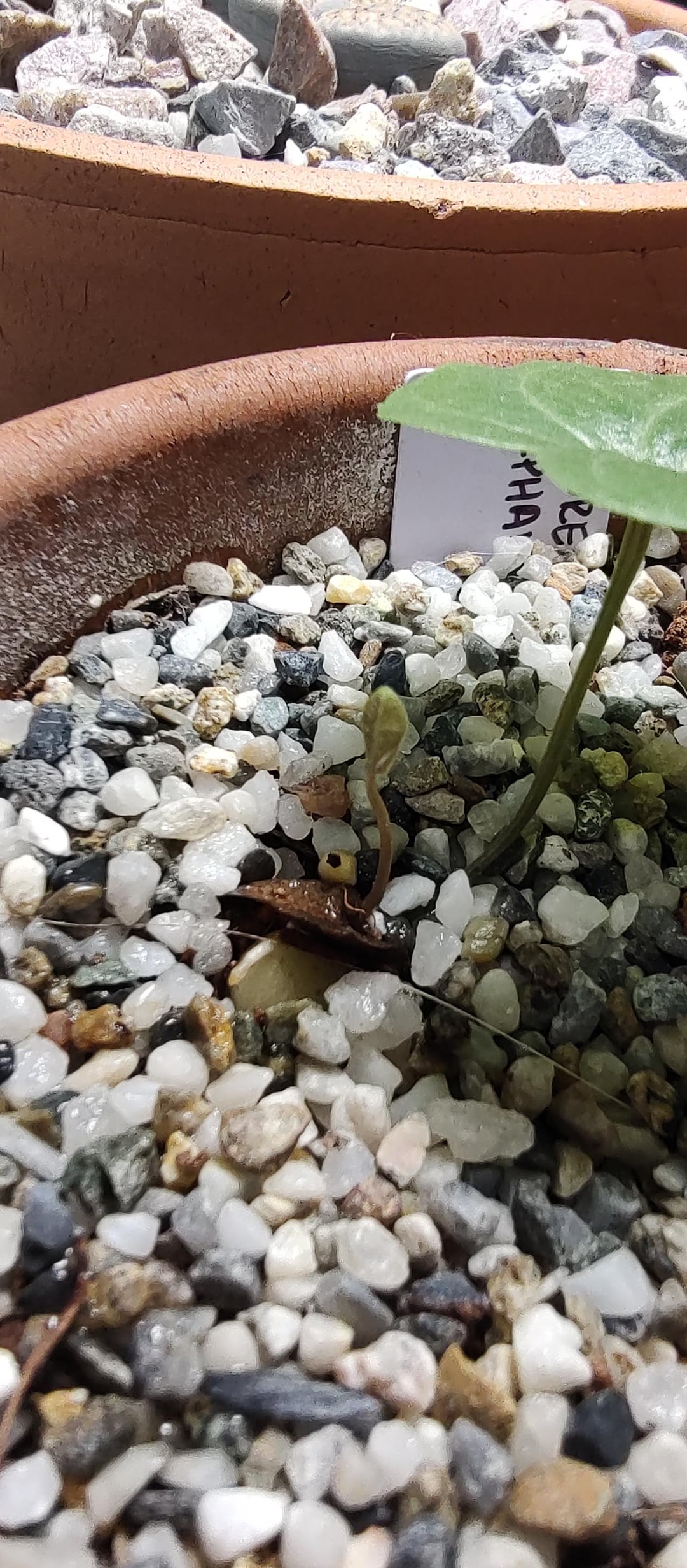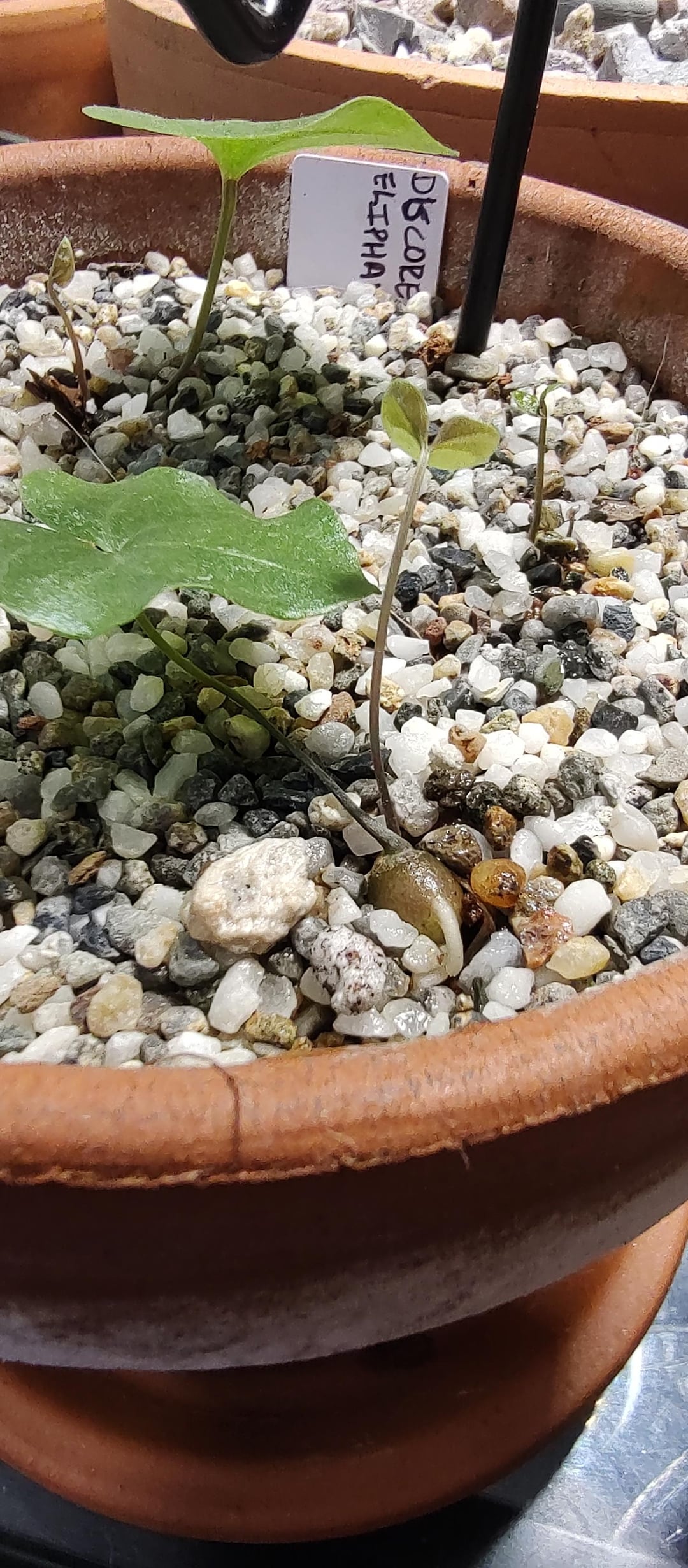 These Discorea elephantipes seedleeds look really happy to me, but both of them seem to be on their sides so to speak. Should I bury them more or let them do their thing?
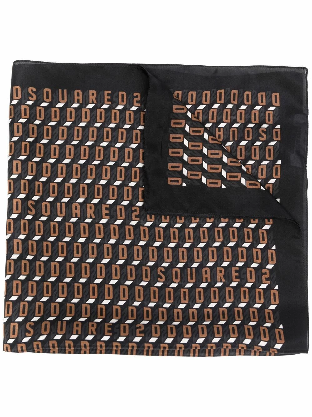 Imprimé monogrammé, bordures à coutures apparentes, structure légère. Matière : soie.
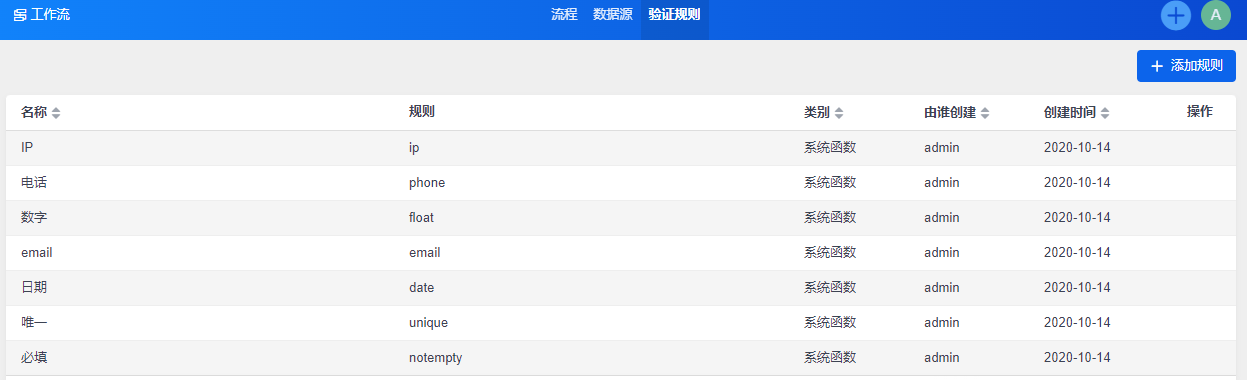 验证规则可以用于字段、表单等处的验证,需要使用正则表达式。
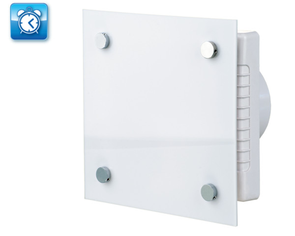 UV-álló ABS műanyagból készült, fürdőszoba, zuhanyzó, konyha és egyéb használati helyiség folyamatos vagy időszakos elszívására. Automata zsalus háztartási ventilátor, 100 mm légcsatornához, időrelével és páraézékelővel, dekoratív előlappal.
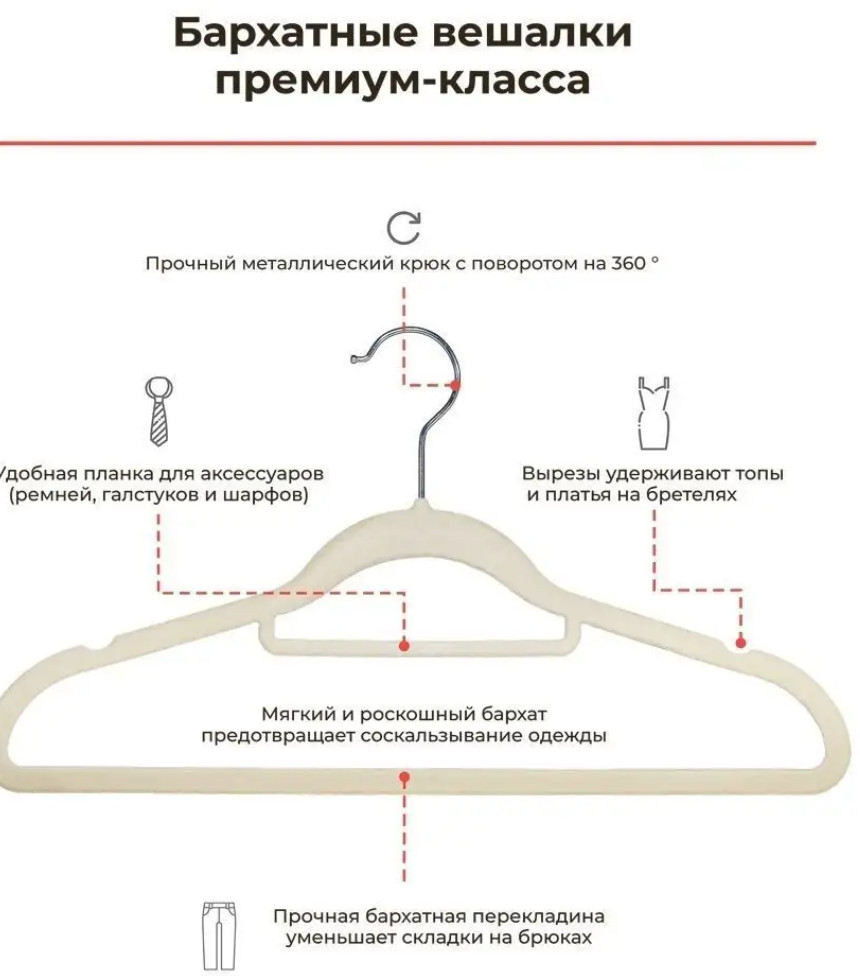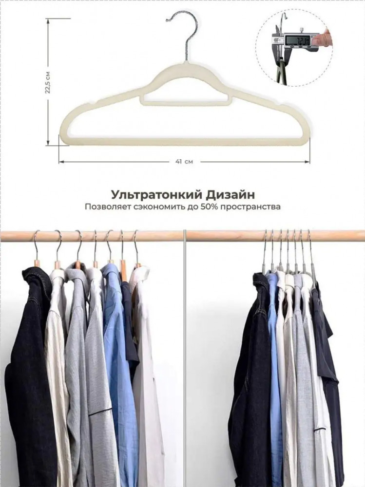 Набор ультратонких велюровых вешалок плечиков со специальным нескользящим покрытием из высококачественного бархатного материала. Прочная и гибкая вешалка для брюк с углублениями по кромке или тремпель подойдет как для легкой одежды, брюк, вещей с бретелями, так и для тяжелой верхней одежды. Идеальный размер вешалок в прихожую позволит компактно и удобно хранить вещи, не будет занимать много места в гардеробной и шкафу. Велюровое покрытие плечиков для брюк позволит одежде не соскальзывать и не деформироваться, а также предотвратит от зацепок. Наша бархатная вешалка-плечики для вещей это стильный и красивый аксессуар, который порадует взгляд даже самой взыскательной хозяйки и подойдет под любой интерьер спальни или прихожей. А также как вешалка для белья в ванную комнату и вешалка для сушки белья. Благодаря размерам вешалки костюмные удобно брать в путешествия или в командировки.
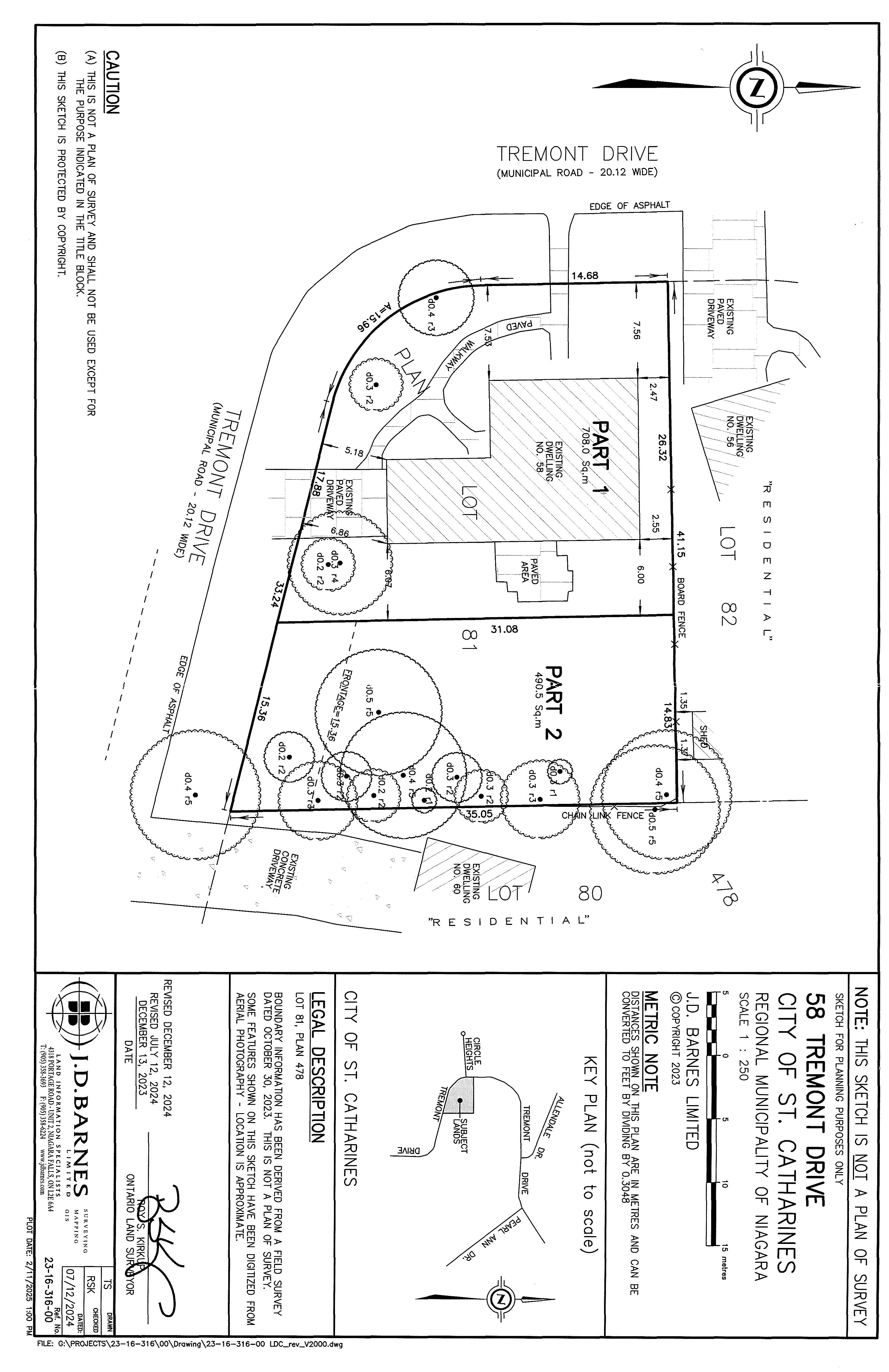 Application B-08/26SC is made for consent to sever 490.5 square metres (Part 2 on the submitted sketch) for a proposed detached dwelling, to be known as 58A Tremont Drive. A 708 square metre remnant parcel (Part 1) is to be retained with an existing detached dwelling.
· · ·
Required work: Once the pictures are removed, print all the remaining data exactly as it stands.

Solution:
 These Discorea elephantipes seedleeds look really happy to me, but both of them seem to be on their sides so to speak. Should I bury them more or let them do their thing?
 Imprimé monogrammé, bordures à coutures apparentes, structure légère. Matière : soie.
 验证规则可以用于字段、表单等处的验证,需要使用正则表达式。
 UV-álló ABS műanyagból készült, fürdőszoba, zuhanyzó, konyha és egyéb használati helyiség folyamatos vagy időszakos elszívására. Automata zsalus háztartási ventilátor, 100 mm légcsatornához, időrelével és páraézékelővel, dekoratív előlappal.
 Набор ультратонких велюровых вешалок плечиков со специальным нескользящим покрытием из высококачественного бархатного материала. Прочная и гибкая вешалка для брюк с углублениями по кромке или тремпель подойдет как для легкой одежды, брюк, вещей с бретелями, так и для тяжелой верхней одежды. Идеальный размер вешалок в прихожую позволит компактно и удобно хранить вещи, не будет занимать много места в гардеробной и шкафу. Велюровое покрытие плечиков для брюк позволит одежде не соскальзывать и не деформироваться, а также предотвратит от зацепок. Наша бархатная вешалка-плечики для вещей это стильный и красивый аксессуар, который порадует взгляд даже самой взыскательной хозяйки и подойдет под любой интерьер спальни или прихожей. А также как вешалка для белья в ванную комнату и вешалка для сушки белья. Благодаря размерам вешалки костюмные удобно брать в путешествия или в командировки.
 Application B-08/26SC is made for consent to sever 490.5 square metres (Part 2 on the submitted sketch) for a proposed detached dwelling, to be known as 58A Tremont Drive. A 708 square metre remnant parcel (Part 1) is to be retained with an existing detached dwelling.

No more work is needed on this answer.